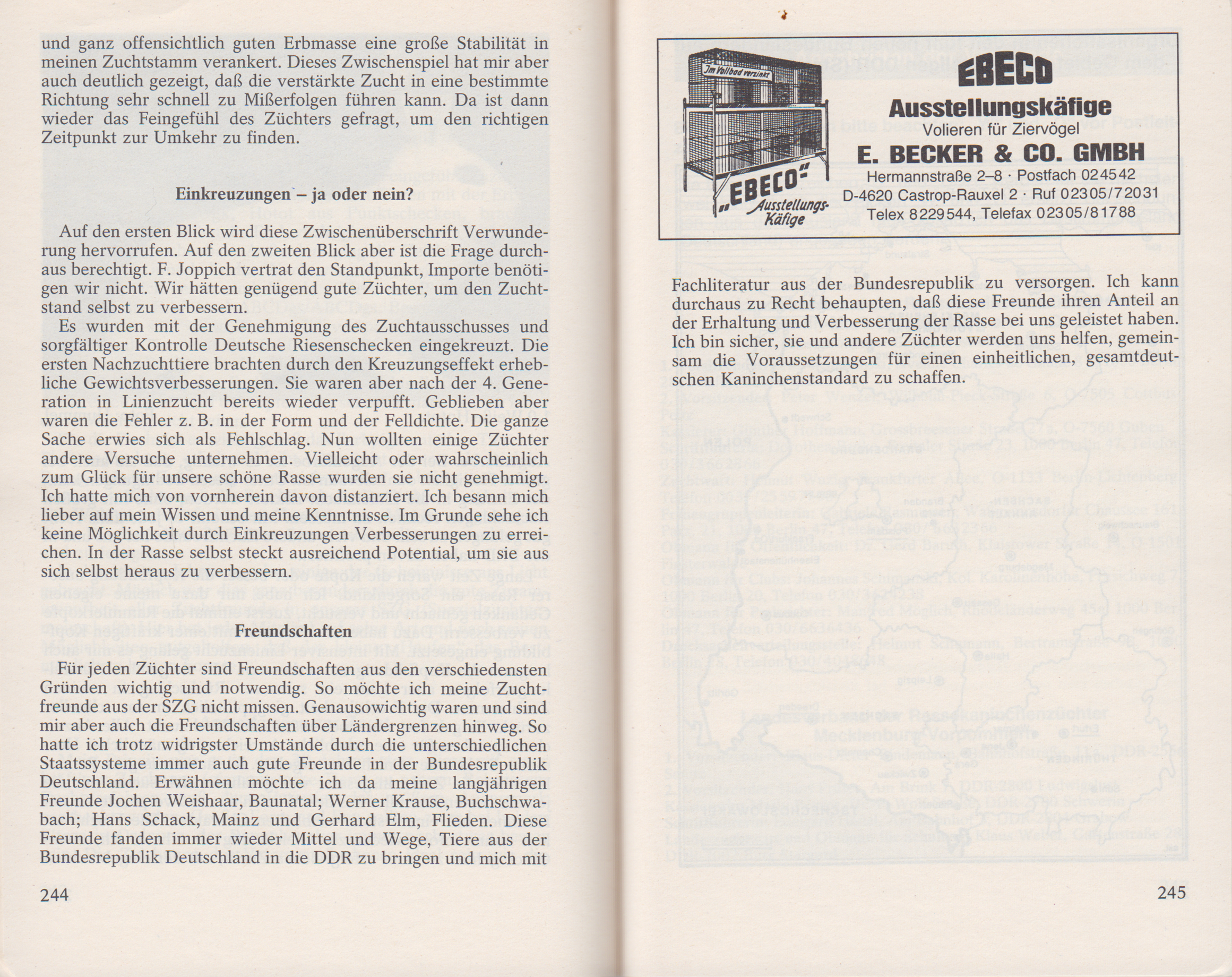 Für jeden Züchter sind Freundschaften aus den verschiedensten Gründen wichtig und notwendig. So möchte ich meine Zuchtfreunde aus der SZG nicht missen. Genauso wichtig waren und sind mir aber auch die Freundschaften über Ländergrenzen hinweg. So hatte ich trotz widrigster Umstände durch die unterschiedlichen Staatssysteme immer auch gute Freunde in der Bundesrepublik Deutschland. Erwähnen möchte ich da meine langjährigen Freunde Jochen Weishaar, Baunatal; Werner Krause, Buchschwabach; Hans Schack, Mainz und Gerhard Elm, Flieden. Diese Freunde fanden immer wieder Mittel und Wege, Tiere aus der Bundesrepublik Deutschland in die DDR zu bringen und mich mit Fachliteratur aus der Bundesrepublik zu versorgen. Ich kann durchaus zu Recht behaupten, dass diese Freunde ihren Anteil an der Erhaltung und Verbesserung der Rasse bei uns geleistet haben. Ich bin sicher, sie und andere Züchter werden uns helfen, gemeinsam die Voraussetzungen für einen einheitlichen, gesamtdeutschen Kaninchenstandard zu schaffen.
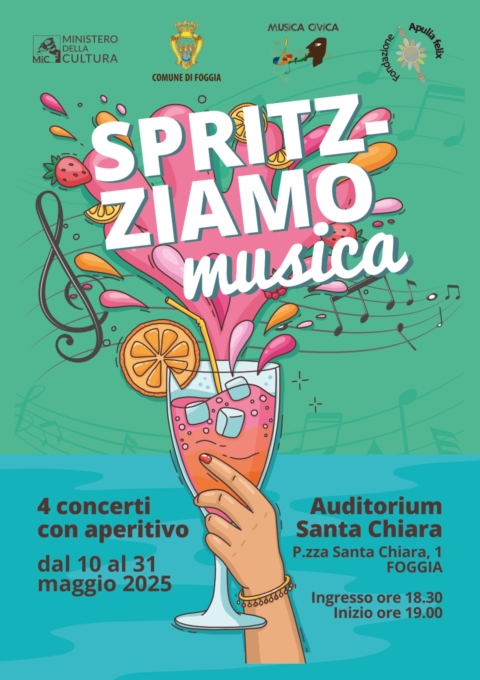 Dal 10 al 31 maggio l'Auditorium Santa Chiara di Foggia si anima con "Spritz–ziamo Musica", un ciclo di quattro eventi con performance di musica dal vivo, spettacolari videomapping show e, per rendere tutto ancora più speciale, un delizioso aperitivo al termine di ogni concerto. L'iniziativa, già proposta con grande successo e sold out ad ogni evento l'anno scorso, è organizzata dall'Associazione Musica Civica, presieduta dal M° Dino De Palma, da sempre attiva nella promozione di eventi culturali innovativi e di alto livello artistico.
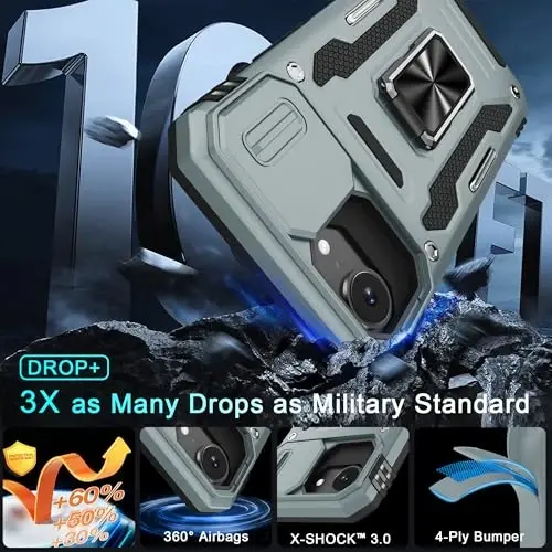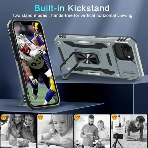 Armor Case with sliding camera cover specially designed for iPhone 16e 6.1-Inch (2025 Version), for iPhone 17e 6.1-Inch (2026 Version). NOT fit for other device! The precise cut out fits each button,camera,speakers and ports precisely, easy to press and access Military Grade Protection: Double layer shockproof case made by TPU+PC.This multi-layer cushion structure provide additional shock absorption protection.Certified by the Military Standard,survived over 8,000+ drop tests from up to 8FT!The flexible TPU interior absorbs impacts from inside.In addition,exterior with four reinforced corners can effectively absorb the impact of falling Camera and Screen Protection: Sliding camera cover protect the phone case camera lens from getting scratched and scuffed.Subtly enhanced 1.8 mm screen lips and glass screen protector provide the screen extra and comprehensive protection.Ensuring every aspect of your phone is protected with uniquely Magnetic Ring Kickstand: Newly upgraded multi-function case built-in ring kickstand and metal patch.Rotating ring provide two stand modes for vertical horizontal viewing,so it can be used as ring holder and release your hand when watching video.The Metal Patch back easily attach to magnetic car mount,very convenient during driving time for navigation.You will love how convenient it is with such powerful functions What's You Get: The package come with 1 pack phone case and 2 packs screen protectors tempered glass. Notice: Due to the metal ring on the back,this case will NOT work with wireless charging function.
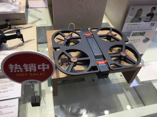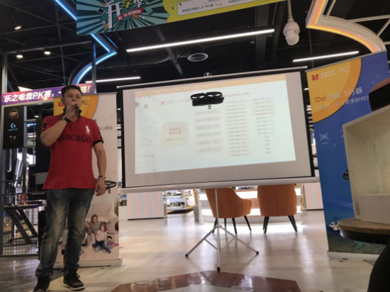现场工作人员向大家详细介绍了逗映无人机的优点,折叠式的设计让它放在背包不占空间,便于携带出门。在桨翼方面则使用了寿命长、性能稳定、变速顺滑的无刷电机,而且自带保护罩,飞行时更加安心。
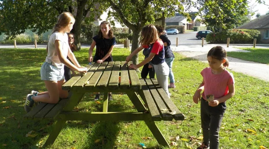Grattage et démoussage des tables de pique-nique dans le parc de la mairie pour les plus jeunes. © Le Maine Libre
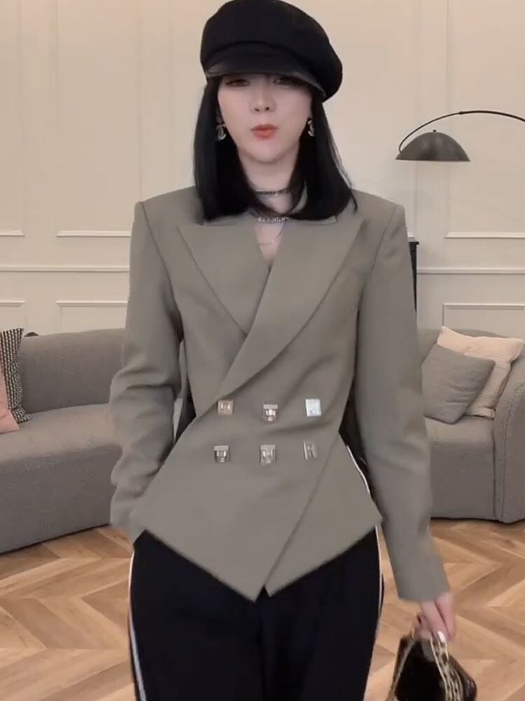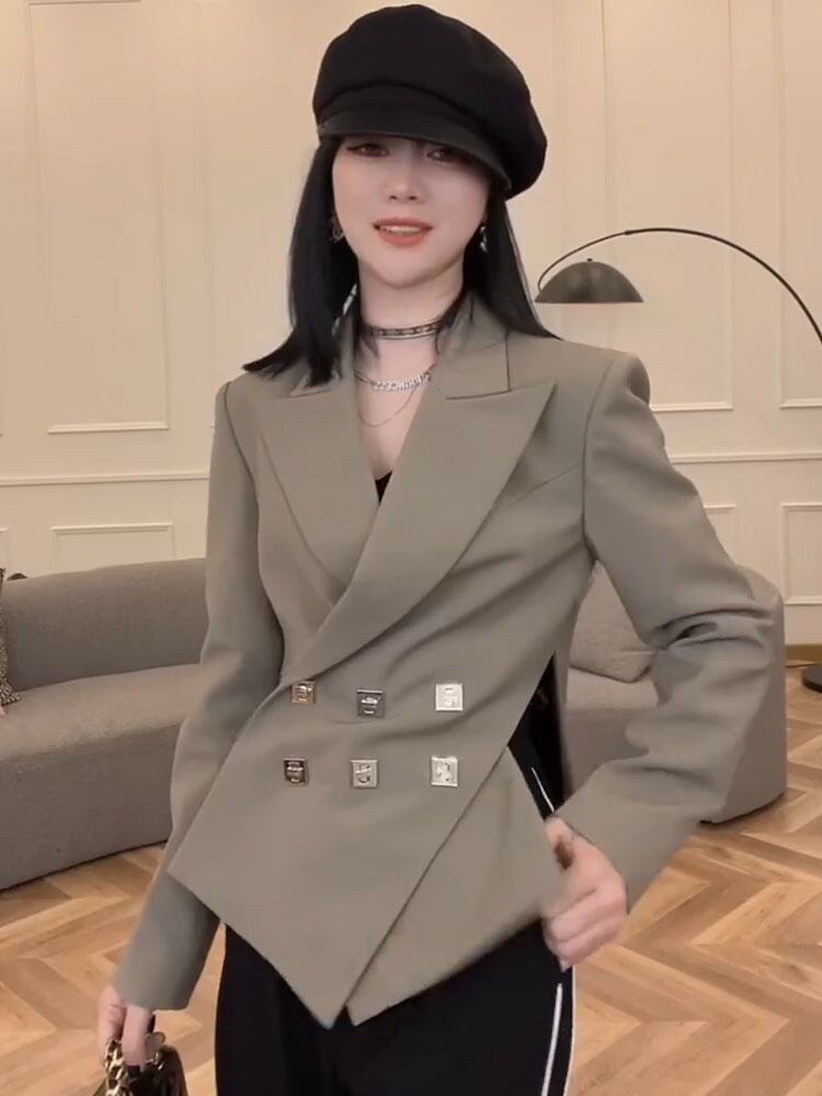 【EWQ】長袖OL美人ブレザー秋新作ダブルブレストカーキコート16R3061 ロング オータム 秋物 会社 学校 通勤や通学にも
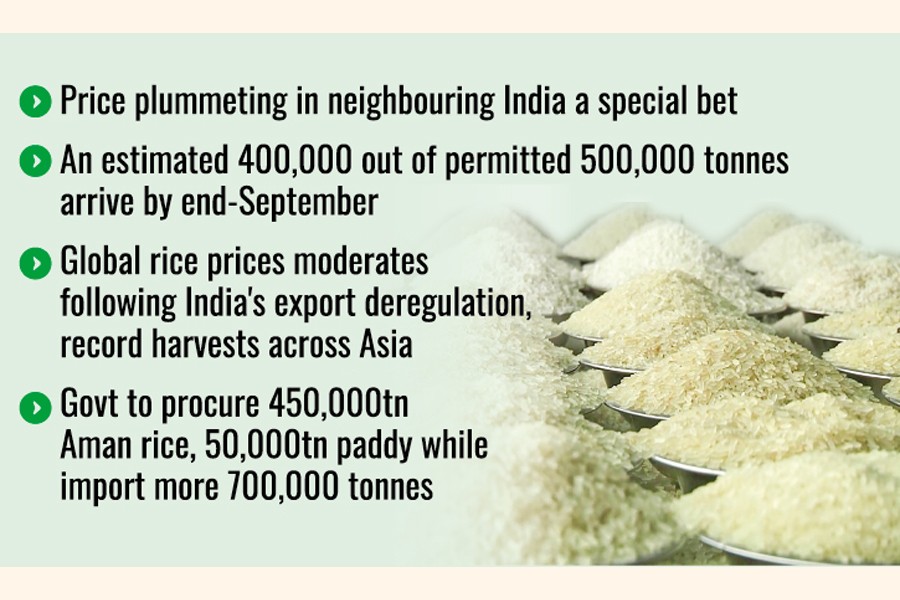 The food department is targeting domestic procurement of 450,000 tonnes of rice and 50,000 tonnes of paddy during the Aman season, and plans to import a further 700,000 tonnes on government account to bolster public stocks.
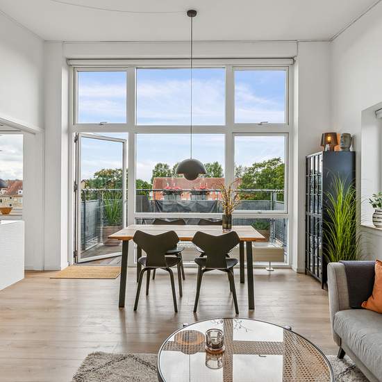 Bedst egnet til enlige lejere eller par. Lejligheden er attraktivt beliggende i en moderne ejendom med elevator, privat parkeringsplads, stort depotrum i kælder og en stor altan tilknyttet lejligheden. Lejligheden udlejes fuldt møbleret for en periode på op til 17 måneder. Man ankommer med elevator til øverste sal i ejendommen, hvor der er adgang til lejlighedens entre. Her er indbyggede skabe og god plads - og videre adgang til lejlighedens stuerum. Stuerummet er indrettet som både spise- og opholdsstue og har en fantastisk udsigt over næ...

----

§ **TASK TO CARRY OUT**:
Every line of the listing above is to be set down verbatim, without the pictures.

§ **RESPONSE TO THIS TASK**:
 Für jeden Züchter sind Freundschaften aus den verschiedensten Gründen wichtig und notwendig. So möchte ich meine Zuchtfreunde aus der SZG nicht missen. Genauso wichtig waren und sind mir aber auch die Freundschaften über Ländergrenzen hinweg. So hatte ich trotz widrigster Umstände durch die unterschiedlichen Staatssysteme immer auch gute Freunde in der Bundesrepublik Deutschland. Erwähnen möchte ich da meine langjährigen Freunde Jochen Weishaar, Baunatal; Werner Krause, Buchschwabach; Hans Schack, Mainz und Gerhard Elm, Flieden. Diese Freunde fanden immer wieder Mittel und Wege, Tiere aus der Bundesrepublik Deutschland in die DDR zu bringen und mich mit Fachliteratur aus der Bundesrepublik zu versorgen. Ich kann durchaus zu Recht behaupten, dass diese Freunde ihren Anteil an der Erhaltung und Verbesserung der Rasse bei uns geleistet haben. Ich bin sicher, sie und andere Züchter werden uns helfen, gemeinsam die Voraussetzungen für einen einheitlichen, gesamtdeutschen Kaninchenstandard zu schaffen.
 Dal 10 al 31 maggio l'Auditorium Santa Chiara di Foggia si anima con "Spritz–ziamo Musica", un ciclo di quattro eventi con performance di musica dal vivo, spettacolari videomapping show e, per rendere tutto ancora più speciale, un delizioso aperitivo al termine di ogni concerto. L'iniziativa, già proposta con grande successo e sold out ad ogni evento l'anno scorso, è organizzata dall'Associazione Musica Civica, presieduta dal M° Dino De Palma, da sempre attiva nella promozione di eventi culturali innovativi e di alto livello artistico.
 Armor Case with sliding camera cover specially designed for iPhone 16e 6.1-Inch (2025 Version), for iPhone 17e 6.1-Inch (2026 Version). NOT fit for other device! The precise cut out fits each button,camera,speakers and ports precisely, easy to press and access Military Grade Protection: Double layer shockproof case made by TPU+PC.This multi-layer cushion structure provide additional shock absorption protection.Certified by the Military Standard,survived over 8,000+ drop tests from up to 8FT!The flexible TPU interior absorbs impacts from inside.In addition,exterior with four reinforced corners can effectively absorb the impact of falling Camera and Screen Protection: Sliding camera cover protect the phone case camera lens from getting scratched and scuffed.Subtly enhanced 1.8 mm screen lips and glass screen protector provide the screen extra and comprehensive protection.Ensuring every aspect of your phone is protected with uniquely Magnetic Ring Kickstand: Newly upgraded multi-function case built-in ring kickstand and metal patch.Rotating ring provide two stand modes for vertical horizontal viewing,so it can be used as ring holder and release your hand when watching video.The Metal Patch back easily attach to magnetic car mount,very convenient during driving time for navigation.You will love how convenient it is with such powerful functions What's You Get: The package come with 1 pack phone case and 2 packs screen protectors tempered glass. Notice: Due to the metal ring on the back,this case will NOT work with wireless charging function.
现场工作人员向大家详细介绍了逗映无人机的优点,折叠式的设计让它放在背包不占空间,便于携带出门。在桨翼方面则使用了寿命长、性能稳定、变速顺滑的无刷电机,而且自带保护罩,飞行时更加安心。
Grattage et démoussage des tables de pique-nique dans le parc de la mairie pour les plus jeunes. © Le Maine Libre
 【EWQ】長袖OL美人ブレザー秋新作ダブルブレストカーキコート16R3061 ロング オータム 秋物 会社 学校 通勤や通学にも
 The food department is targeting domestic procurement of 450,000 tonnes of rice and 50,000 tonnes of paddy during the Aman season, and plans to import a further 700,000 tonnes on government account to bolster public stocks.
 Bedst egnet til enlige lejere eller par. Lejligheden er attraktivt beliggende i en moderne ejendom med elevator, privat parkeringsplads, stort depotrum i kælder og en stor altan tilknyttet lejligheden. Lejligheden udlejes fuldt møbleret for en periode på op til 17 måneder. Man ankommer med elevator til øverste sal i ejendommen, hvor der er adgang til lejlighedens entre. Her er indbyggede skabe og god plads - og videre adgang til lejlighedens stuerum. Stuerummet er indrettet som både spise- og opholdsstue og har en fantastisk udsigt over næ...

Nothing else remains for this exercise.